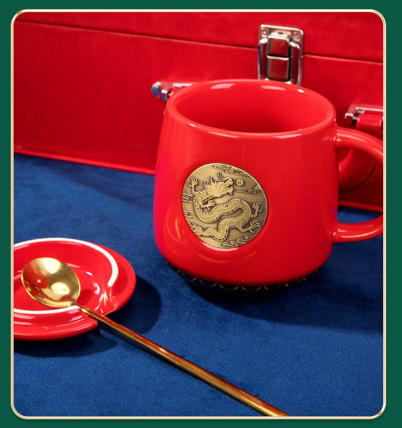 Red Dragon year copper seal cup A6 Dragon buckle faucet pen three-piece set
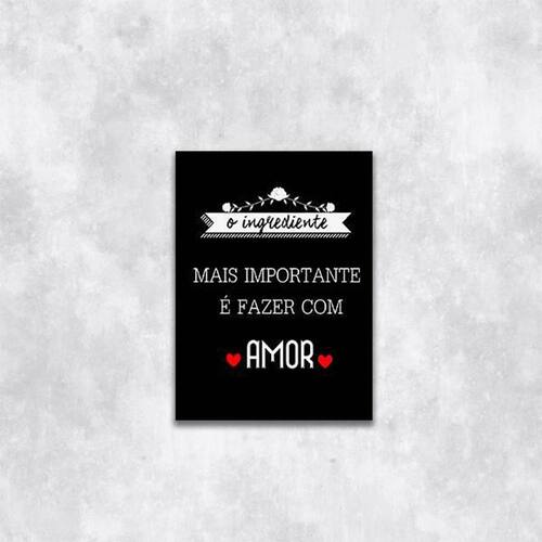 Quadro ingrediente mais importante é o amor 24x18cm Moldura: madeira preta Informações do produto tire todas as suas dúvidas no descritivo abaixo: decoração para quarto, sala, cozinha, escritório, área gourmet e muito mais. Chega de paredes vazias medidas - cada peça tem 24x18cm a5 . Material do papel - papel fotográfico brilhante de altíssima resolução acabamento - todos os quadros são acompanhados de uma película de acetato para proteção da imagem. - moldura em madeira maciça na cor branca e pendurador móvel que pode ser retirado facilmente caso deseje fixar com fita dupla face. - os quadros são embalados de forma segura com plástico bolha com camada dupla de acordo com o tamanho dos quadros. - de 3 meses prazo de envio pedimos 24 horas úteis no máximo para enviar seu pedido após o envio, segue os prazos normais dos correios, cerca de 7 exceto para norte e nordeste, que pode ser de até 14 . Em diversas cidades, este prazo normalmente é reduzido, mas depende do prazo dos correios. Meu quadro chegou. Como posso fixá-lo Você precisa apenas de um martelo e um prego, pois os quadros já vão acompanhados de penduradores. Esta é a forma mais indicada. Caso prefira, você pode utilizar uma fita dupla face neste caso, sugerimos de alta qualidade para evitar que descole e seu quadro caia . Como posso limpar meu quadro A limpeza é feita como um móvel comum da sua casa. Apenas um pano seco ou espanador são suficientes para tal Marca: Não Informado
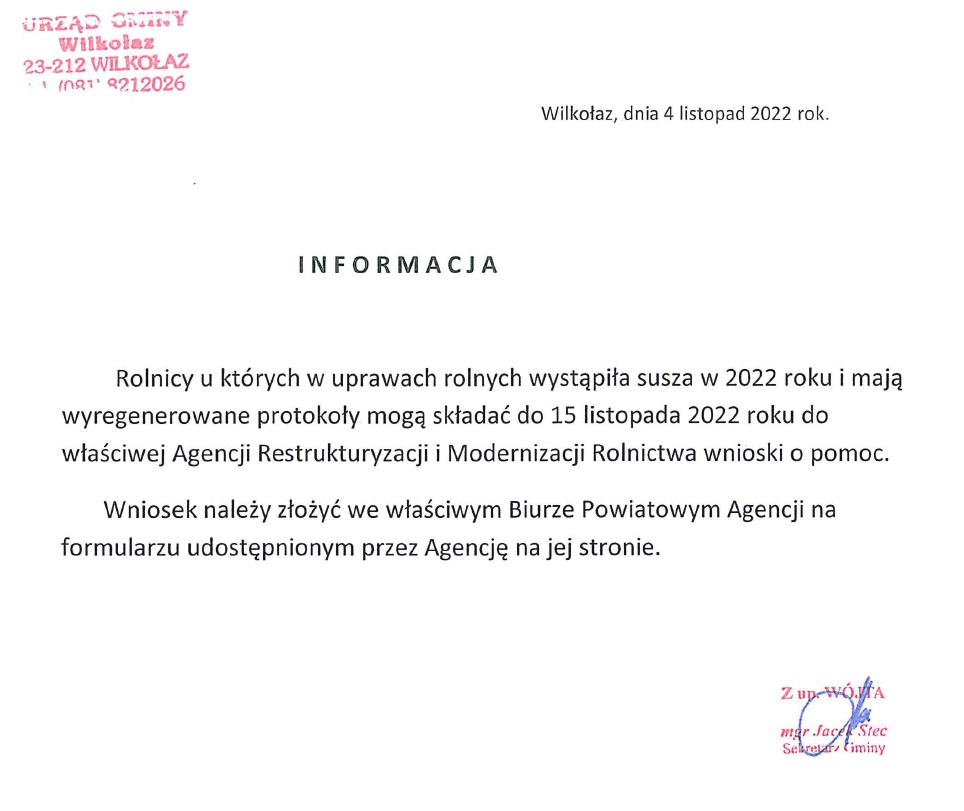 W razie pytań  informacje dostępne są w Urzędzie Gminy Wilkołaz w pokoju Nr 7, tel. 818217983 oraz adresem email: iwona.kloc@wilkolaz.pl.
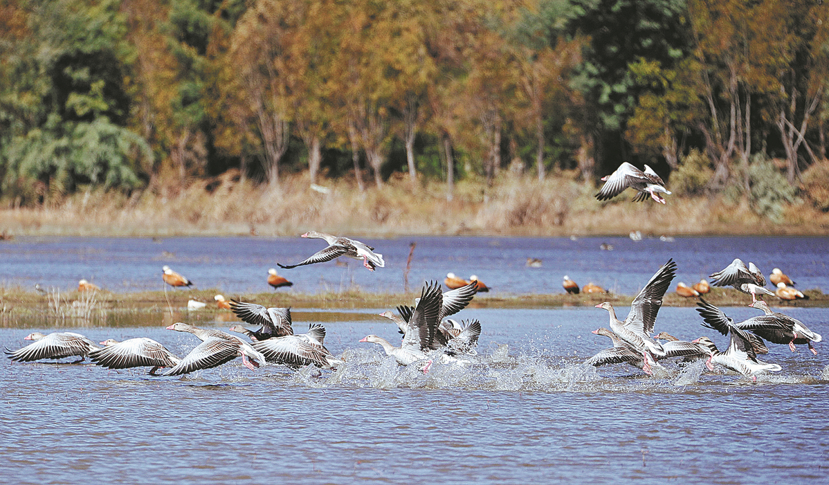 Graylag geese frolic in the waters of Lashi Lake in Lijiang, Yunnan province. [Photo by HE YUNFENG/FOR CHINA DAILY]

## THE PROBLEM
Pictures aside, reproduce all of the data exactly.

## TASK RESULT
 Red Dragon year copper seal cup A6 Dragon buckle faucet pen three-piece set
 Quadro ingrediente mais importante é o amor 24x18cm Moldura: madeira preta Informações do produto tire todas as suas dúvidas no descritivo abaixo: decoração para quarto, sala, cozinha, escritório, área gourmet e muito mais. Chega de paredes vazias medidas - cada peça tem 24x18cm a5 . Material do papel - papel fotográfico brilhante de altíssima resolução acabamento - todos os quadros são acompanhados de uma película de acetato para proteção da imagem. - moldura em madeira maciça na cor branca e pendurador móvel que pode ser retirado facilmente caso deseje fixar com fita dupla face. - os quadros são embalados de forma segura com plástico bolha com camada dupla de acordo com o tamanho dos quadros. - de 3 meses prazo de envio pedimos 24 horas úteis no máximo para enviar seu pedido após o envio, segue os prazos normais dos correios, cerca de 7 exceto para norte e nordeste, que pode ser de até 14 . Em diversas cidades, este prazo normalmente é reduzido, mas depende do prazo dos correios. Meu quadro chegou. Como posso fixá-lo Você precisa apenas de um martelo e um prego, pois os quadros já vão acompanhados de penduradores. Esta é a forma mais indicada. Caso prefira, você pode utilizar uma fita dupla face neste caso, sugerimos de alta qualidade para evitar que descole e seu quadro caia . Como posso limpar meu quadro A limpeza é feita como um móvel comum da sua casa. Apenas um pano seco ou espanador são suficientes para tal Marca: Não Informado
 W razie pytań  informacje dostępne są w Urzędzie Gminy Wilkołaz w pokoju Nr 7, tel. 818217983 oraz adresem email: iwona.kloc@wilkolaz.pl.
 Graylag geese frolic in the waters of Lashi Lake in Lijiang, Yunnan province. [Photo by HE YUNFENG/FOR CHINA DAILY]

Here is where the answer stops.